What gets my goat, really makes me angry is this; there are many many people biting the hand that feeds them. Especially journalists. They are besmirching our sport to round up the circulation numbers. They should be thinking about who and what pays their bills, and writing about the wonderful, exciting newly competitive racing we’re all watching agog these days.
So what’s going down? This; almost (but not quite; he had help, both corporate and private) singlehandedly L.A. moved cycling into a different league as far as the dosh was concerned. He did it by bringing the States on board, marketing it thru’ his name. Armstrong was branded. And boy did the brand move some units!

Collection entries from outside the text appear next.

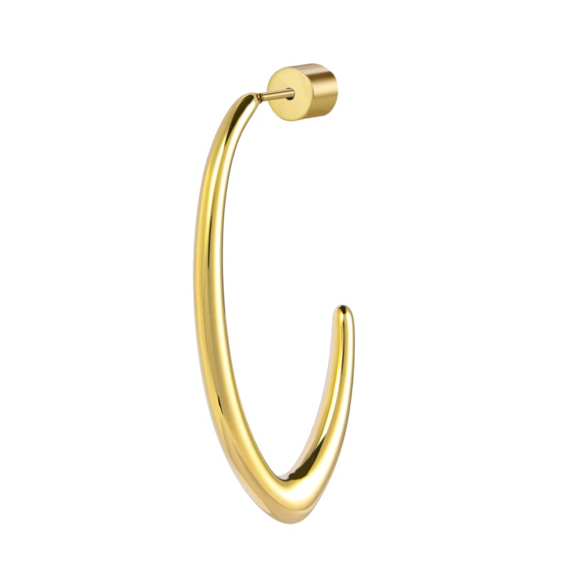 Mono orecchino in acciaio ovale aperto, lunghezza 4 cm, con chiusura aggiuntiva perla a bottone di diametro 10 mm. Marlù logo laserato sul retro. Materiali: acciaio, perla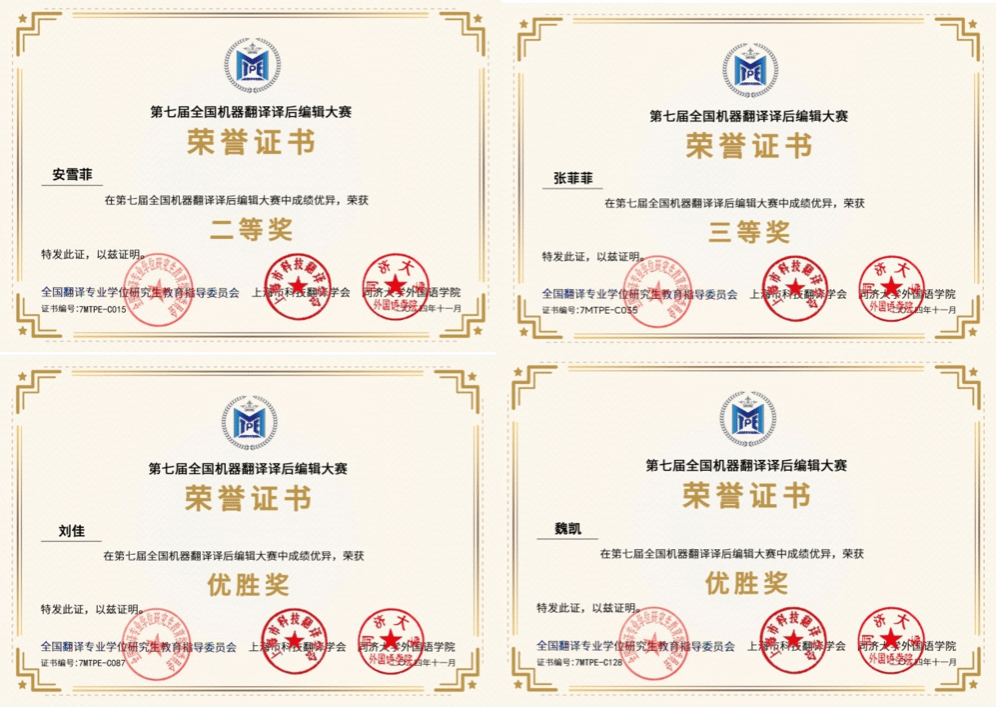 (通讯员:安雪菲)11月30日,第七届全国机器翻译译后编辑大赛落下帷幕。这次大赛受到全国翻译专业学位研究生教育指导委员会的指导,由上海市科技翻译学会和同济大学英国365集团公司联合主办,吸引了来自国内外众多高校的积极参与。本次大赛共评出获奖选手189位,其中特等奖1位,一等奖3位,二等奖20位,三等奖60位,优胜奖105位。英国365集团公司4名学子凭借扎实的语言基础,良好的翻译与译后编辑能力和深厚的跨文化知识沉淀,在比赛中崭露头角。2023级英语笔译硕士研究生安雪菲获二等奖,张菲菲获三等奖,刘佳和魏凯获优胜奖,周正履和贺红霞两位老师获优秀指导教师奖。
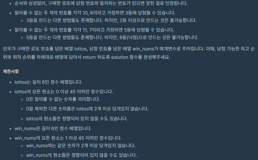 문제2. 로또의 최고 순위와 최저 순위
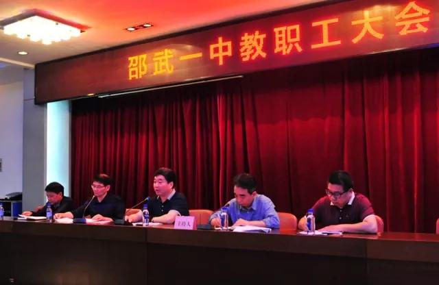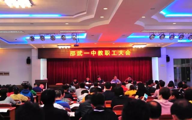 5月10日晚,邵武一中在校教工会议室召开全校教职工大会,杨方副校长主持会议。

So why is he being witch hunted now? Cos’ he’s gone and there’s no one to fill the void. The market has contracted and the USDA, the UCI and Uncle Tom Cobbley and all are fighting for what’s left in the cart. Nike aren’t interested in marketing a little Spanish lad with a penchant for cow’s arse, are they? If there was another Lance in the pipeline, it might all be a bit different. But there isn’t. Not yet. Maybe there never will be. The truth is he is and was a phenomenal athlete, far and away the best of his generation. Maybe the equivalent of Merckx; in longevity if not in all round ability.
The real questions are how on earth Lance has acquired such vicious enemies; tho’ there’s no doubt that he was dominant and ruthless and a manipulator so was every other great champion. By definition he wouldn’t have achieved such success without those qualities. Hinault was at least as bad. And why everyone in the media, the sport’s government and administration and Joe Public seems determined to ignore the wonderfully open new racing (surely an indication that it’s cleaner than ever; really as well regulated as Cavendish would have us believe) and commit as open and public a Hari Kiri as is possible.
Three indisputable facts: firstly, Lance Armstrong, whatever you feel about him, was and is a great champion. No one can take that away from him and he knows it. Two, the popularity of the sport, if not the pastime, is due to his Magnificent Seven. Three, the only loser here is the sport and its new young practitioners, boys and girls of all ages and at all levels.
Why hasn’t he persisted in his legal battle? It’s massively, hugely expensive and Lance has chosen not to contest things in the past, saying publicly that he would rather spend the millions on cancer research than give it to the lawyers. Reading his books (well written by a Welsh girl; Sally Jenkins) it’s clear that all he really cares about is his kids and a cure for cancer.
Personally I’ve always thought there’s a great deal more to cycling than elite men’s road racing. See you out on the bike then!